Task to carry out:
In the records that follow, the lines from the one containing "六月十日,英格兰队在世界杯首" to the one containing "近日,潮州市法律援助处联合湘", inclusive, are to be given again exactly.

Data listing:
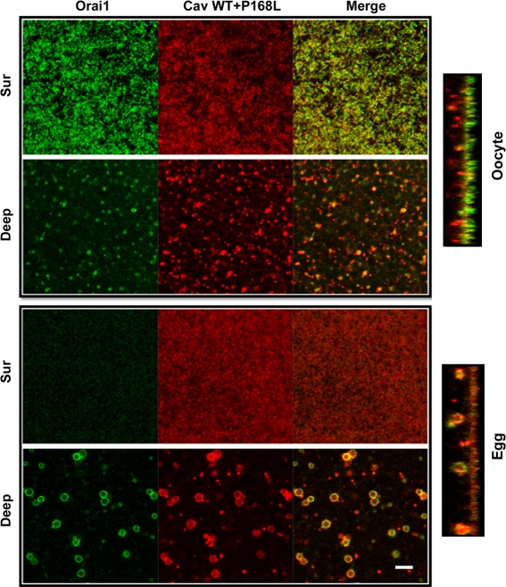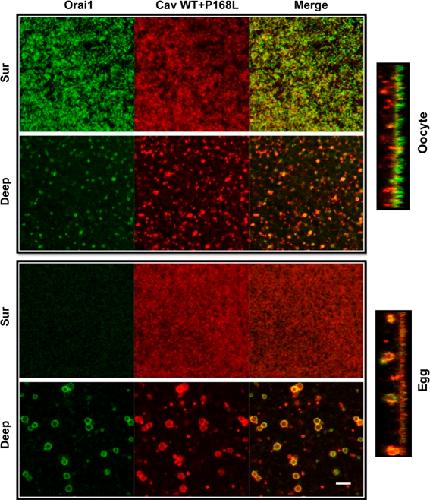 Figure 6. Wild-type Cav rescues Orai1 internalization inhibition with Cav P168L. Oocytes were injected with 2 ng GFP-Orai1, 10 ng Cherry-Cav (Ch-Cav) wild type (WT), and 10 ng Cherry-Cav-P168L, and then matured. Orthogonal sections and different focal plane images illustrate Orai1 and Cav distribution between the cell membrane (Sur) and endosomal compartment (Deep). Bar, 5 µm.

* * *

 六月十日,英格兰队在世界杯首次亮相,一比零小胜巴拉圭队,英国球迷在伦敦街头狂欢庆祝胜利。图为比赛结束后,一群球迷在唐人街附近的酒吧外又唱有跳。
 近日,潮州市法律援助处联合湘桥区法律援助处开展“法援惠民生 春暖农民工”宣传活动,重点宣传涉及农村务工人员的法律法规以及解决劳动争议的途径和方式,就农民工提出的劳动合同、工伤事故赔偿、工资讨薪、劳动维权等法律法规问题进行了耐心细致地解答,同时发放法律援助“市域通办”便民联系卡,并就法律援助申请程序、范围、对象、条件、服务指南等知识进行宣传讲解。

* * *

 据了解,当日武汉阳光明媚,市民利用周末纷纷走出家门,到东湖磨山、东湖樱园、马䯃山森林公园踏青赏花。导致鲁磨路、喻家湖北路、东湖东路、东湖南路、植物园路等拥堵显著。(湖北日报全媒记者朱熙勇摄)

Response to this exercise:
 六月十日,英格兰队在世界杯首次亮相,一比零小胜巴拉圭队,英国球迷在伦敦街头狂欢庆祝胜利。图为比赛结束后,一群球迷在唐人街附近的酒吧外又唱有跳。
 近日,潮州市法律援助处联合湘桥区法律援助处开展“法援惠民生 春暖农民工”宣传活动,重点宣传涉及农村务工人员的法律法规以及解决劳动争议的途径和方式,就农民工提出的劳动合同、工伤事故赔偿、工资讨薪、劳动维权等法律法规问题进行了耐心细致地解答,同时发放法律援助“市域通办”便民联系卡,并就法律援助申请程序、范围、对象、条件、服务指南等知识进行宣传讲解。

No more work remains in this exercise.